Does anyone have suggestions on how to do the timing more accurately? I’m just using clock() right now. I made the size of the buffers be 1024*128 instead of 1024 so the timing would be more accurate.
Use clock_gettime() with CLOCK_MONOTONIC for benchmarking. On older systems you must link with -lrt. With that change my benchmarking setup looks a lot like yours, but instead of extending the size of the buffer I repeat the test a number of times and take the smallest observed elapsed time.
Here is my current timing code (not very pretty):
http://pastebin.com/34559reG
I’d appreciate feedback. I can switch from CLOCK_REALTIME to CLOCK_MONOTONIC if that’s a better idea, but I’m more interested in figuring out how to defeat my smart processor. I already turned off frequency scaling. I probably need to disable turbo-boost or whatever it’s called in the BIOS. I probably should pin the test program to a single processor. Anything else?
Just a tiny bit prettier version:
http://pastebin.com/bw7SR9SP
Also I never use hyperthreading.
And my driver script if anyone cares:
http://pastebin.com/QpbDRuhL
If anyone has time and energy to create an optimized nibble sort using STOKE I would be really interested to see the results:
https://github.com/eschkufz/stoke-release
Multi-threading allowed ?
Just one thread please.
A whole legion of Windows programmer are being left out of this challenge. Is there anything specific to gcc you are looking for or is it just infrastructural/toolset limitations?
Dilip, sorry, I’m not trying to exclude people, I just don’t happen to have a Windows machine available for testing. My wife does have a Windows machine but it’s old and doesn’t have Visual Studio installed. It does appear that gcc-4.9.2 is available for Cygwin if that works for you.
I’m not sure if there’s any overhead associated with clock() or clock_gettime(), but rdtsc, or probably rdtscp may give more accurate results. I’ll post a link to my scaffold later.
To add to John’s suggestion about Cygwin, there’s also a lighter option: MinGW-w64, and you can also examine gcc-4.9’s assembly output online at gcc.godbolt.org. I think disclosure of testing environment helps to focus participants and thus boost competition. How dull would it be if the compiler and cflags were not announced, “forcing” people to submit their entries as inline assembly blobs (in case cflags is “-O0”)?

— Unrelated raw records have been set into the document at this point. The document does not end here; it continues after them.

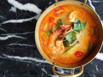 Choice of Chicken or Shrimp. A spicy and sour soup with lemongrass, Kaffir lime leave, mushroom, chili and lime juice
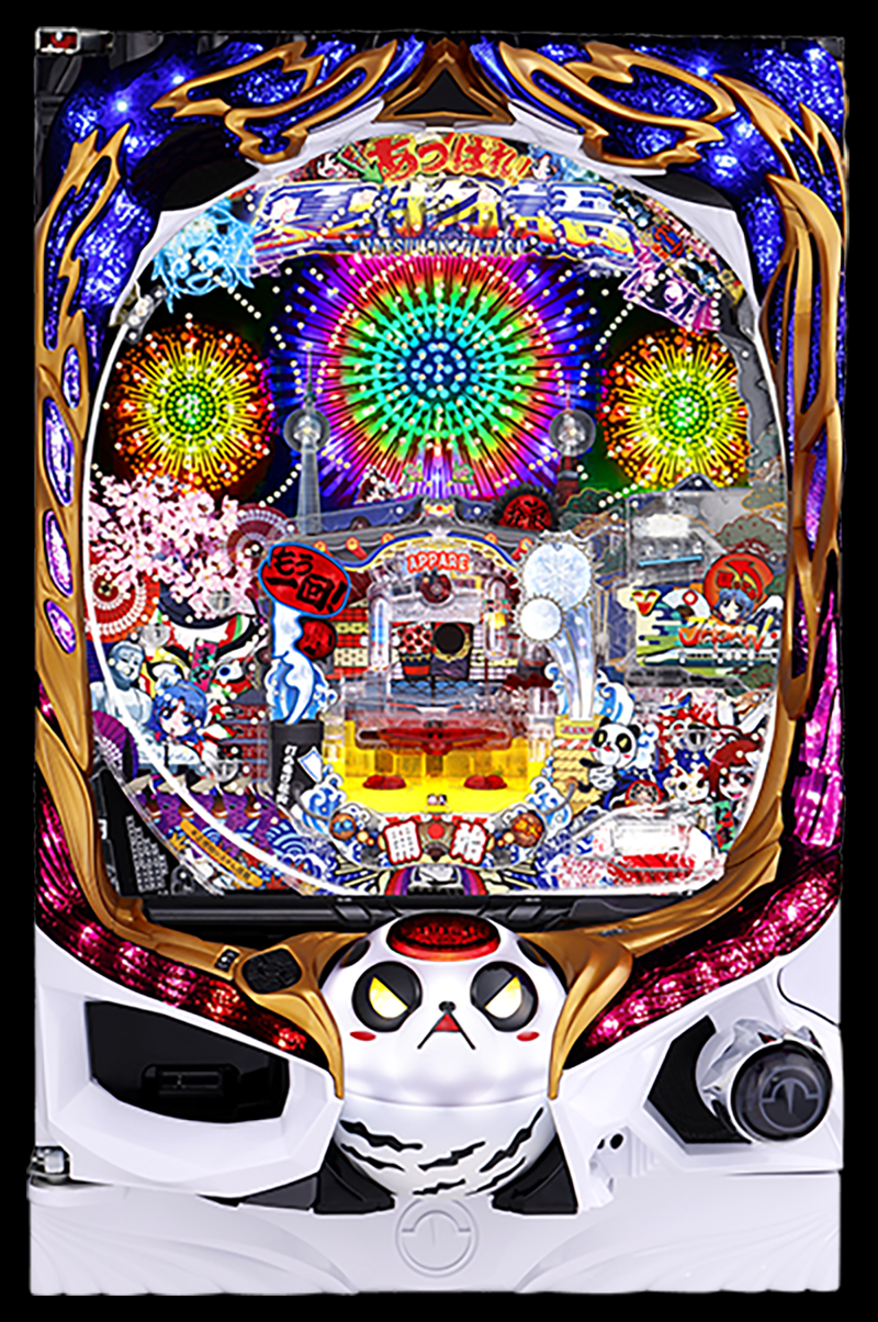 本機は、オリジナルキャラクター「たまや姉妹(たま&まや)」が登場する役物機。「レインボー花火が打ち上がれば大当たり」というシンプルなゲーム性だ。大当たり確率は、役物機としては軽めの約1/27.3。振り分けは特図1・特図2ともにオール1400個、5セット消化で7000個を獲得できる。
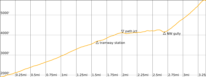 Our reward for the late descent was a stunning sunset view from the old gondola station. Dozens of other people were there to enjoy the same view, and we passed a hundred more hikers on the trail before we reached the trailhead long after dark (5.2 hours + 300 ft / 90 m from summit). It had been a long but very satisfying day, well worth the effort!
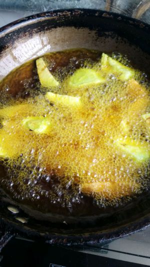 土豆块煎熟,颜色变为金黄色即可捞出。
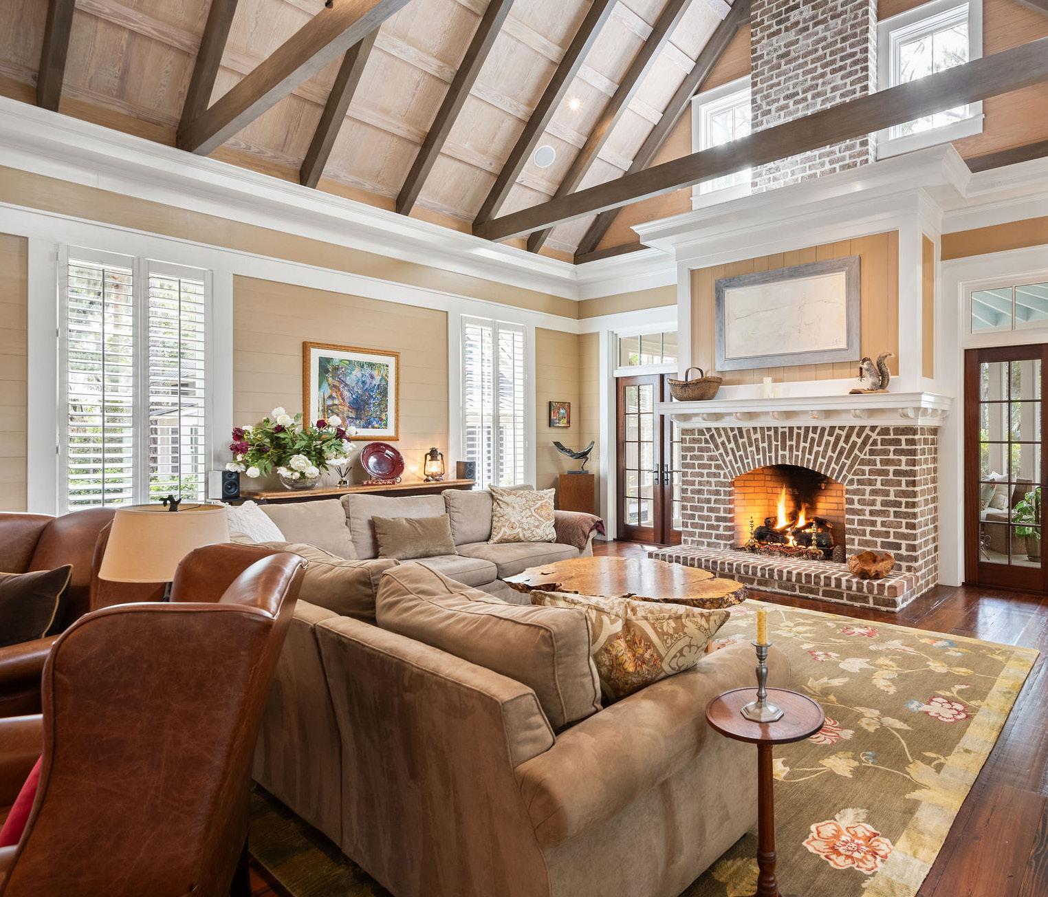 This grand Lowcountry Great Room embodies timeless Southern elegance reimagined for modern living. Anchored by a stately brick fireplace framed in custom millwork, the space rises to vaulted ceilings with exposed beams that draw the eye upward.

It’s true that if you have access to same software and hardware as John, you’ll have an easier time preparing your entry, but if not, you’re not excluded.
You can still develop the code for this contest in Windows as long as it is cross-platform.
Jason, I get less than 20ns elapsed time for back-to-back calls to clock_gettime(). This is far less than the time required to do the nibble sort of 1024 words, so I’m not inclined to pursue a lower-level timing strategy.
So clock_gettime() isn’t even dropping into the kernel, it looks like. Oddly, when a program using clock_gettime() is linked statically, it gets a different implementation that does use the kernel.
Here’s a fairly naive implementation – no ASM, no SIMD…
How does it do?
https://gist.github.com/RMGiroux/89dfd9eb3582627b293e
How is timing done? Best time you ever see or average of N test runs?
Scotty, I’m taking the best time though that is only correct when we’re 100% free of low outliers, which could happen due to moving between processors with unsynchronized timestamp counters.
Hi Mike, about 87 microseconds on my machine.
I have two entries. First, a serious one: http://emergent.unpythonic.net/files/sandbox/nibblesort/jepler.c which does a counting sort, putting the nibble counts themselves in nibbles so more work is done in registers. (around 20000ns on Intel(R) Core(TM) i5-3320M CPU @ 2.60GHz with gcc 4.9.1)
Second, an entry that is deliberately destructive of play, based on knowledge of the driver program: http://emergent.unpythonic.net/files/sandbox/nibblesort/bad.c (times under 50ns? achieved!)
One aspect of my serious submission is that I realized it initially had a bug for all-nibbles-same, which is currently fixed; I’m not aware of other buggy inputs. maybe your test harness should pass in some specific values likely to hit bugs. Though the next guy probably has different buggy cases than I do.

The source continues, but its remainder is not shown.